Les médecins le disent eux-mêmes, la gestion des
émotions et la relation à l’autre ne font pas d’emblée partie de
leur formation ou très peu. Les représentations collectives sont
persistantes : aujourd’hui encore, un bon médecin est avant tout
un bon technicien. Il ne se sent pas le droit de douter ou de ne
pas savoir, alors que justement, c’est dans cette brèche que la
confiance du patient peut s’établir.
Si parfois le langage scientifique des médicaux peut
venir faire écran, d’autres paroles, plus contenantes, viendront
inscrire le temps de l’annonce dans l’ébauche d’une alliance
thérapeutique à venir. Un patient raconte : « Je n’oublierai
jamais. Il [le médecin] m’a dit que la tumeur était toujours là.

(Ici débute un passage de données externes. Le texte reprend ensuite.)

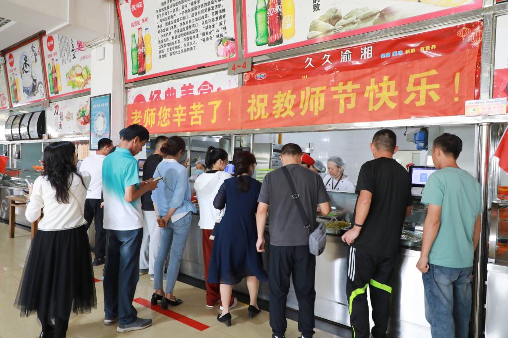 教工餐厅精心布置,悬挂横幅,为教师们精心准备了各种水果、糕点和丰盛的菜肴,伴随着阵阵欢声笑语,让大家的身心得到了充分的愉悦和放松。

Et puis, juste avant de partir, sur le pas de la porte, il m’a dit :
« occupez-vous de guérir, je m’occupe de vous soigner » ».
Diagnostic signifie littéralement « capable de
discerner ». Georges Canguilhem avançait à ce propos : « Mon
médecin, c’est celui qui accepte de moi que je vois en lui un
éxégète avant de l’accepter comme réparateur ». C’est peutêtre en acceptant de passer par là que nous pourrons, avec nos
patients, regarder la mort sans mourir.